━━━ Collected data ━━━
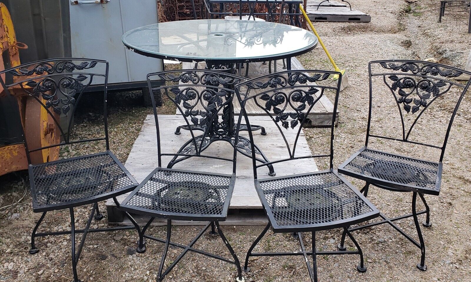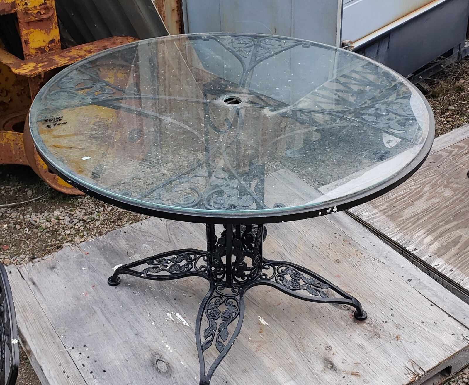 This five (5) piece table and chair set is in excellent condition and was very well made. The 42" round wrought iron table has a thick round glass top (no cracks or chips) with umbrella hole at the center. The unique center base and 4 legs have an Art Nouveau filigree style.
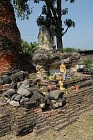 | ボロボロのチェディーが一基と頭部が崩れ落ちた座像、建物跡が残る。 |
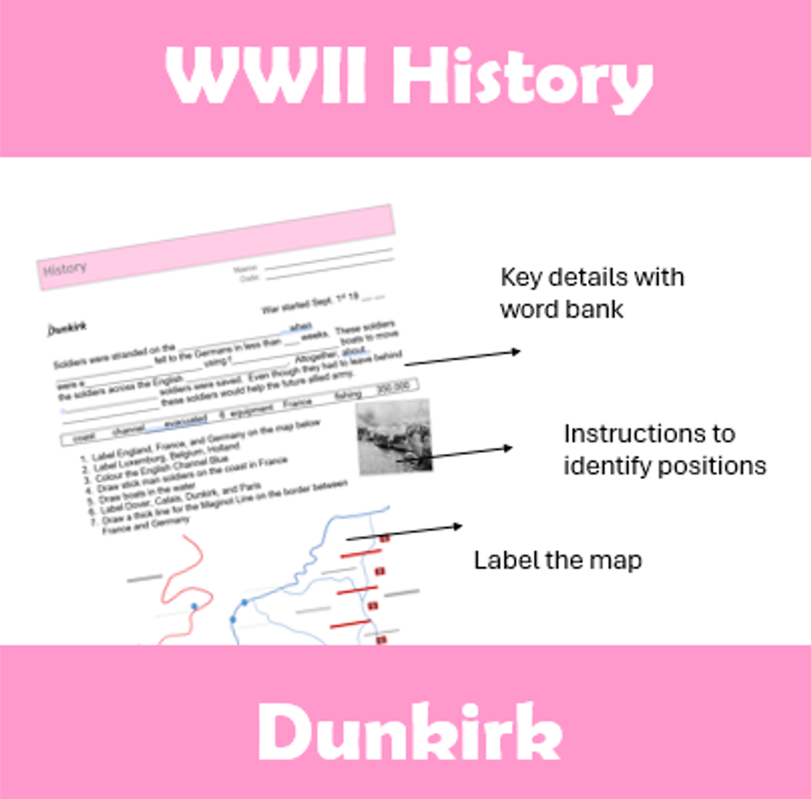 This worksheet not only has the key details for Dunkirk but also has a map to help the students understand the significance of the battle. It highlights the location of the English Channel as well as the German and French position. It includes a word bank and helps the students to remember this battle. If you add a few clips from the movie then you have a great lesson!
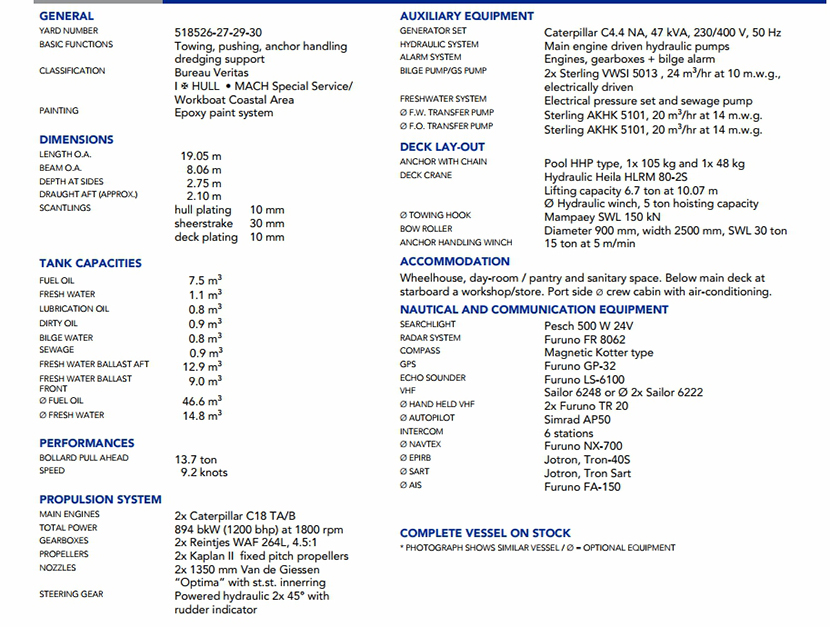 | 發動機功率: | 894bkW at 1800rpm | 推進裝置: | 2×Kaplan II fixed pitch, propellers |
━━━
Problem details
Give back the full listing exactly, with pictures dropped.

Exercise answer
 This five (5) piece table and chair set is in excellent condition and was very well made. The 42" round wrought iron table has a thick round glass top (no cracks or chips) with umbrella hole at the center. The unique center base and 4 legs have an Art Nouveau filigree style.
 | ボロボロのチェディーが一基と頭部が崩れ落ちた座像、建物跡が残る。 |
 This worksheet not only has the key details for Dunkirk but also has a map to help the students understand the significance of the battle. It highlights the location of the English Channel as well as the German and French position. It includes a word bank and helps the students to remember this battle. If you add a few clips from the movie then you have a great lesson!
 | 發動機功率: | 894bkW at 1800rpm | 推進裝置: | 2×Kaplan II fixed pitch, propellers |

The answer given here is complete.